WHAT IS BEING ASKED →
The entries below contain a stretch that opens with the line containing "一、教学班学生到课率、专注度情况" and closes with the line containing "Стул Tripp Trapp®"; set down that stretch exactly, both ends included, and nothing else.

━━━━━ INFORMATION GIVEN ━━━━━

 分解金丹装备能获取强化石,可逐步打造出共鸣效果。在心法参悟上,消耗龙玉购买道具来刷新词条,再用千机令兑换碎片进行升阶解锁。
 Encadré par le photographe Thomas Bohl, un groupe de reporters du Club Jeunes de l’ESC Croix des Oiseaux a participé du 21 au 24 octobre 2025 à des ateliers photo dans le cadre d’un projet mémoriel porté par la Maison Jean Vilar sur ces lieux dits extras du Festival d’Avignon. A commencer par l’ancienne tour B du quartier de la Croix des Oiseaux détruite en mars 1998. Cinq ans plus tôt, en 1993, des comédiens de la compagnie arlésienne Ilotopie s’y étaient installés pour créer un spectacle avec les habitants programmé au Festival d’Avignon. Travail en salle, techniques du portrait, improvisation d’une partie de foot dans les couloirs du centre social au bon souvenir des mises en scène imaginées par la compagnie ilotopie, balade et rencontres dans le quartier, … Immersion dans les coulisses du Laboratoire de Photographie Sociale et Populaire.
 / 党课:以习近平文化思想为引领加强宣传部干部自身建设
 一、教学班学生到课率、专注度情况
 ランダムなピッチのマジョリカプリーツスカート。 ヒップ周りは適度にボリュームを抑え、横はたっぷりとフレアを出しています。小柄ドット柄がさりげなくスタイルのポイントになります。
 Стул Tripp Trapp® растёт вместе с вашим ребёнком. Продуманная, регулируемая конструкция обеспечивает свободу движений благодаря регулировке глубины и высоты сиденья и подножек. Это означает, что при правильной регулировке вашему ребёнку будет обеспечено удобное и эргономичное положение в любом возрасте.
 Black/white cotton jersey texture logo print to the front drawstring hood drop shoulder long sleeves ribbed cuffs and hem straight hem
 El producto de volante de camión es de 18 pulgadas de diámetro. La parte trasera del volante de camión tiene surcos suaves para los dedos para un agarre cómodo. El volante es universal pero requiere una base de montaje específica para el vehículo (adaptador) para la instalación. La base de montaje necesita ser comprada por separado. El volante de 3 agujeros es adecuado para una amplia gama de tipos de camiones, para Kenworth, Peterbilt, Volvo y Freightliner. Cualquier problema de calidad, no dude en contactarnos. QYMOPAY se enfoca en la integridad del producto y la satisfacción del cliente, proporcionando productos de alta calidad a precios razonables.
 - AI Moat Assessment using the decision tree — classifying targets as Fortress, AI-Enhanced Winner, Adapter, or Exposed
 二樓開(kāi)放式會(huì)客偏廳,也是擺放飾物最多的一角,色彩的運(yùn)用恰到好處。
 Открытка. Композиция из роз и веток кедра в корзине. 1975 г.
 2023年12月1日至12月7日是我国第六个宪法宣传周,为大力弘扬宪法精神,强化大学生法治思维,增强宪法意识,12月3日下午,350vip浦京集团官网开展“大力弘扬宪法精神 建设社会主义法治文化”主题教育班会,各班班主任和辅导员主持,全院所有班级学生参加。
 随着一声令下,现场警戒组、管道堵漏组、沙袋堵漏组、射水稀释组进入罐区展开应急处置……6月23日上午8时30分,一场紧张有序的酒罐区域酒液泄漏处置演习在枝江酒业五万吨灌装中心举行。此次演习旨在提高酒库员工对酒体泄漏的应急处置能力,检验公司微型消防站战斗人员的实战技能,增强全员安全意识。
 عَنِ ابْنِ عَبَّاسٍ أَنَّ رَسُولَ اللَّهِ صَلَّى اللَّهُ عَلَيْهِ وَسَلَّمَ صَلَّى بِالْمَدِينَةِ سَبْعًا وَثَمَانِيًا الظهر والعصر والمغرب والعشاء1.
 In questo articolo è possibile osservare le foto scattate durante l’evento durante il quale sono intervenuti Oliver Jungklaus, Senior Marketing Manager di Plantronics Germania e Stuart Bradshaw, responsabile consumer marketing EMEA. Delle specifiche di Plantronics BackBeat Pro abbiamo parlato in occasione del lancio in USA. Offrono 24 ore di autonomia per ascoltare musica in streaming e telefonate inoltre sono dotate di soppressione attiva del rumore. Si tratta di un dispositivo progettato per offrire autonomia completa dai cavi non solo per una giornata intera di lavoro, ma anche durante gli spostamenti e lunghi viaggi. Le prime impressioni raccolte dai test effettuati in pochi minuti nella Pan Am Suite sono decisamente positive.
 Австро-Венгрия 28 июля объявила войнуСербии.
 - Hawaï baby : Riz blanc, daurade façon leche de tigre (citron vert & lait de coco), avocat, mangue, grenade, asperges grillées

━━━━━

EXPECTED OUTPUT →
 一、教学班学生到课率、专注度情况
 ランダムなピッチのマジョリカプリーツスカート。 ヒップ周りは適度にボリュームを抑え、横はたっぷりとフレアを出しています。小柄ドット柄がさりげなくスタイルのポイントになります。
 Стул Tripp Trapp® растёт вместе с вашим ребёнком. Продуманная, регулируемая конструкция обеспечивает свободу движений благодаря регулировке глубины и высоты сиденья и подножек. Это означает, что при правильной регулировке вашему ребёнку будет обеспечено удобное и эргономичное положение в любом возрасте.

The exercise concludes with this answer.